The advantages and disadvantages of PySpark and Pandas are given below.

1. csv file:
Reading CSV file with Pandas is easy. You easily read CSV files with read_csv(). However, CSV is not supported natively by Spark. You have to use a separate library : spark-csv.

2. Counting:
PysparkDF.count() and pandasDF.count() do not give the same output. The first one returns the number of rows, and the second one returns the number of non NA/null observations for each column.

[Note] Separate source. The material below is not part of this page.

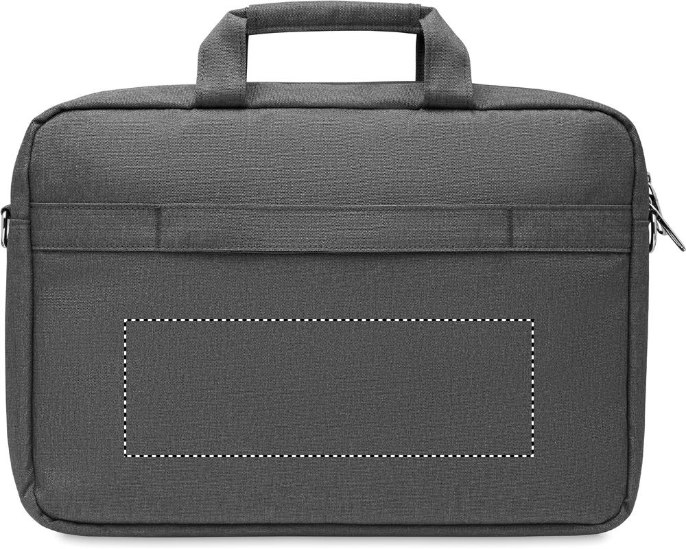 Tietokonelaukku 15 tuuman tietokoneelle 600D RPET-polyesteriä. 2 sisäistä päälokeroa ja suuri vetoketjullinen etutasku jossa päällä on pienempi vetoketjullinen tasku. Irrotettava ja säädettävä olkahihna. Trolleypidike selkäpuolella.
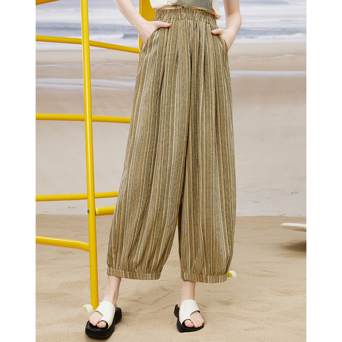 日系慵懒风条纹设计气球灯笼裤夏季高腰九分女式休闲裤 737181

It is noted that Spark doesn’t support .shape yet which is very often used in Pandas.

3. Visualization:
In Pandas, in order to obtain a tabular view of the content of a DataFrame, pandasDF.head(5), or pandasDF.tail(5) are typically used whereas,in IPython Notebooks, it displays a nice array with continuous borders. In Spark, you have sparkDF.head(5), but it has an ugly output. You should prefer sparkDF.show(5) instead. Note that you cannot view the last lines (.tail() does no exist yet, because long to do in distributed environment).

4. Data conversion to Dataframe:
Unless data is converted to dataframe, it is not convenient to use Pyspark. Since schema view of data is not available in Pyspark, dataframe becomes essential.

5. Wrangling:
‘[ ]’ operator can be used for features engineering in Pandas. In Spark, we can’t use this in PySpark since  DataFrames are immutable. You should use .withColumn().

6. Online support:	
Limited online support for RDD in general. Most of support is available for Scala and dataframes in Spark.

7. Syntax: 
Syntax is not as similar as expected between pyspark and pandas.

In summary, PySpark is faster than Pandas but it is very expensive. PySpark is better for big dataset when a cloud/cluster can be utilized. On the other hand, Panda is slower than PySpark. Panda is suitable for smaller dataset where the code can be run on a personal computer.